We identified between 6000 to 8000 proteins along with 90,000+ peptides (Figure 3B) per digestion method. Both SDC-based methods showed higher protein and peptide coverage than the other methods, with SDC samples desalted with C18 having the most protein IDs and SDC amide having the most peptide IDs (Figure 3C). This is in line with the observations of other studies, which suggest that SDC has a positive effect on trypsin activity.22 This could also be due to the detergent extracting more proteins than other digestion methods, allowing access to a part of the proteome the other 3 methods struggle to reach, such as the endomembrane system, the peroxisome, and the microbody (Figure S4).23 Interestingly, while S-Trap had similar numbers of protein IDs as the other methods, it also had almost 10,000 fewer peptide IDs than the urea sample.

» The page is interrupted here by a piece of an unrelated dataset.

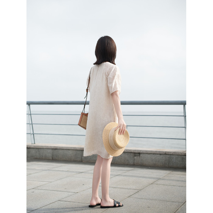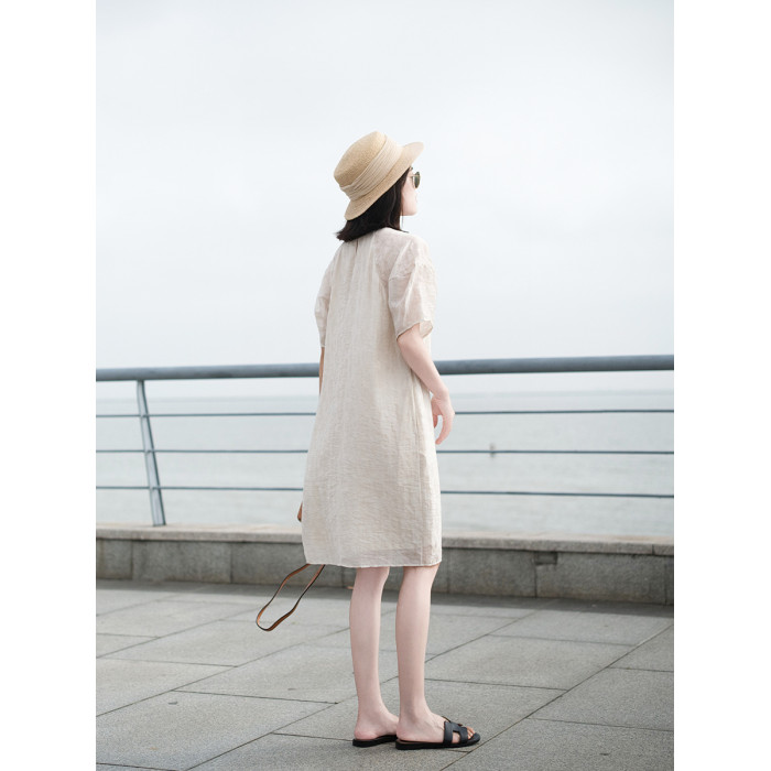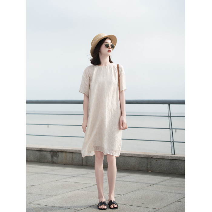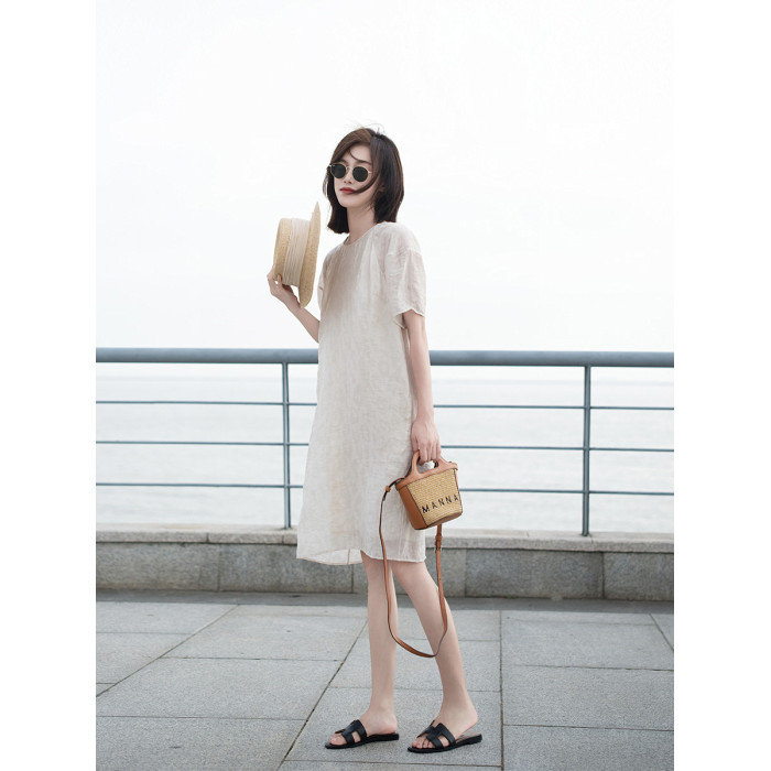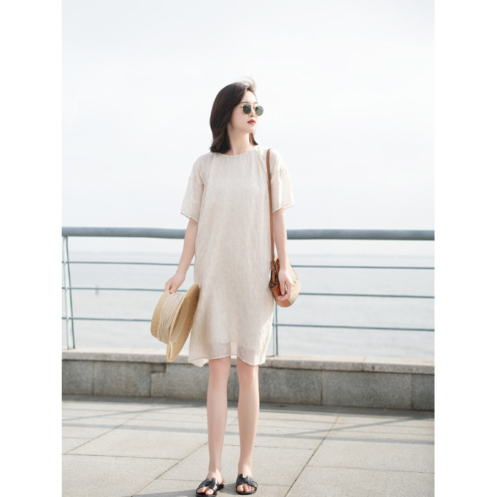 2025夏季新款寬松大碼中長款連衣裙女米白色天絲短袖裙遮肉顯瘦

We also examined the percentages of missed cleavages (Figure 3D). Thermo’s EasyPep has the lowest percentage of missed cleavages (9%), which is in line with the results of other studies.3−7 Conversely, urea has the highest percentage of 1–2 missed cleavages (21%), which could be due to interference with tryptic activity.24,25 This incomplete digestion could result in lower protein IDs and lower proteome coverage overall, and we do observe urea to be below both the SDC and EasyPep methods on protein coverage (Figure 3B). Previous experiments have shown using dual-protease with trypsin and Lys-C has a positive effect on proteome coverage.26,27 To that end, we utilized Thermo Fisher’s trypsin/Lys-C mix for all our digestion methods, in order to maximize coverage and better compare each method’s results. As a result, the protein and peptide counts identified in this study is higher than seen in similar studies, providing additional information that is not investigated before.3−7 In terms of peptide recovery after desalting, S-Trap samples were the most consistent in terms of peptide recovery post desalting. EasyPep had the highest variation among samples for peptide recovery (Figure 3E). SDC C18 had the lowest overall recovery, while SDC amide, S-Trap, and EasyPep had the highest overall recovery. The C18 columns were more effective at recovering peptides from urea samples compared to SDC samples, perhaps due to not all SDC being precipitated out via pH change or possibly due to SDC extracting some components of the cell which can interfere with peptides binding to C18.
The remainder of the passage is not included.